Given material Start Marker

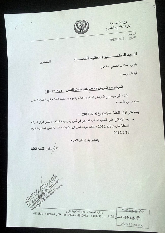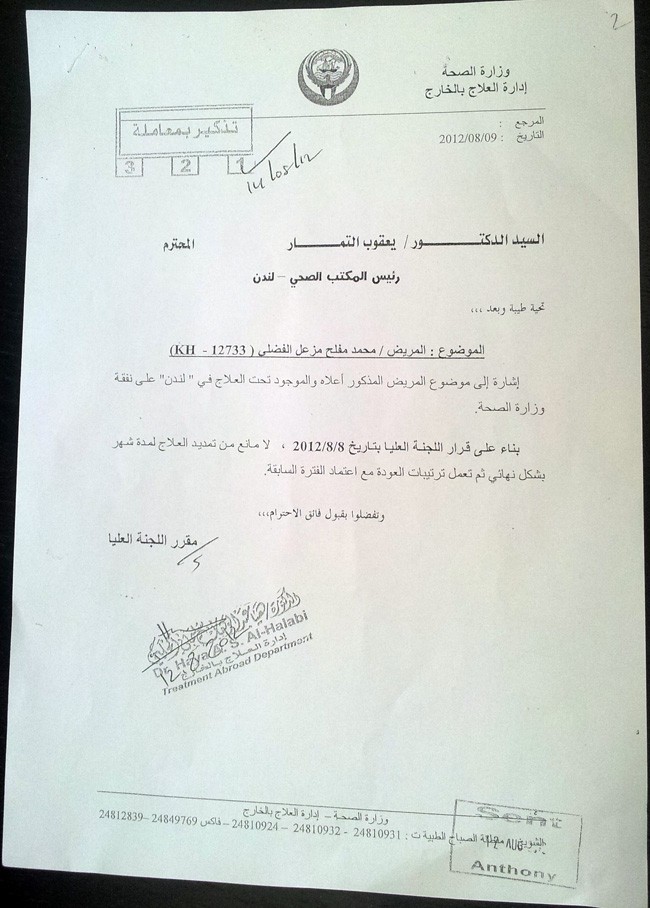 والغريب في الأمر – حسب إفادة مشعل الفضلي (عم المريض) أن مدير المكتب الصحي هناك رفض قرار اللجنة بينما هو متواجد في الكويت، الامر الذي يثير الكثير من علامات الاستفهام حول أوضاع المكتب، ومدى “مشروعية” القرارات التي يصدرها.
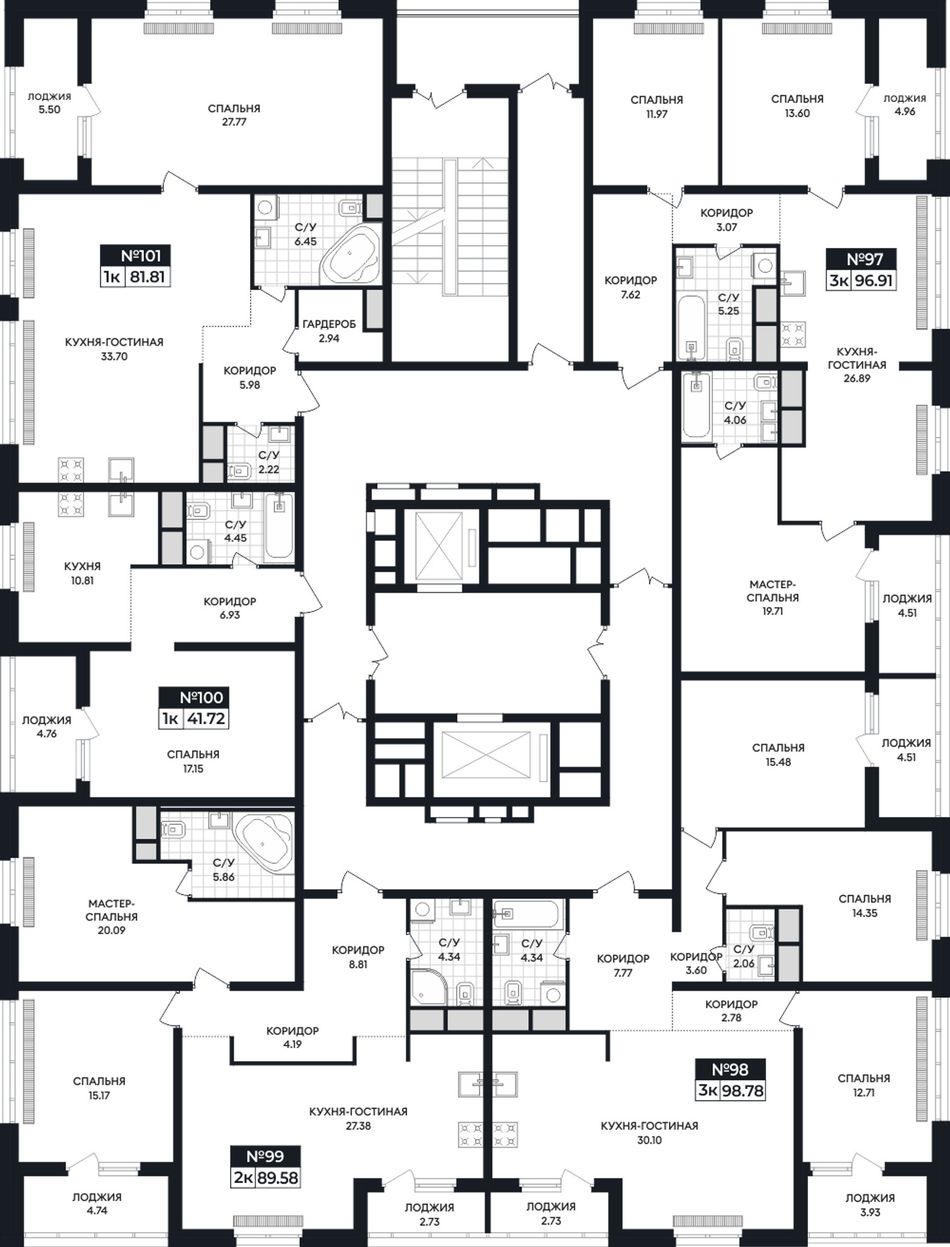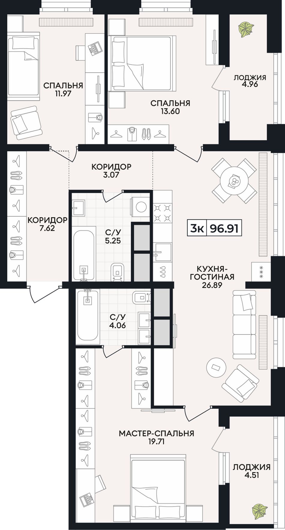 3-комнатная — 96,91 м² 15/15 эт. в Кипарис
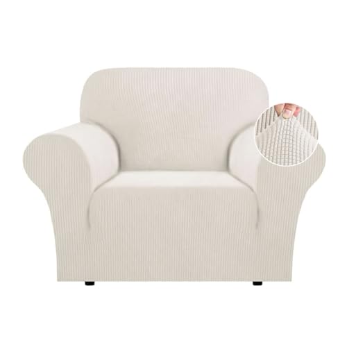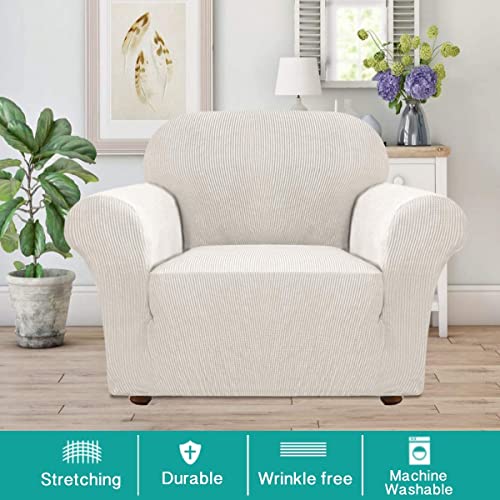 Turquoize Stretch Couch Cover Sofa Cover Chair Covers for Living Room Chair Slipcover with Arms Non Slip Arm Chair Cover Jacquard Pet Friendly Chair Furniture Protector(Armchair, Ivory)

Given material End Marker

> [Work instruction]:
Your job is to reproduce the material exactly. Keep pictures out of it.

> [Written solution]:
 والغريب في الأمر – حسب إفادة مشعل الفضلي (عم المريض) أن مدير المكتب الصحي هناك رفض قرار اللجنة بينما هو متواجد في الكويت، الامر الذي يثير الكثير من علامات الاستفهام حول أوضاع المكتب، ومدى “مشروعية” القرارات التي يصدرها.
 3-комнатная — 96,91 м² 15/15 эт. в Кипарис
 Turquoize Stretch Couch Cover Sofa Cover Chair Covers for Living Room Chair Slipcover with Arms Non Slip Arm Chair Cover Jacquard Pet Friendly Chair Furniture Protector(Armchair, Ivory)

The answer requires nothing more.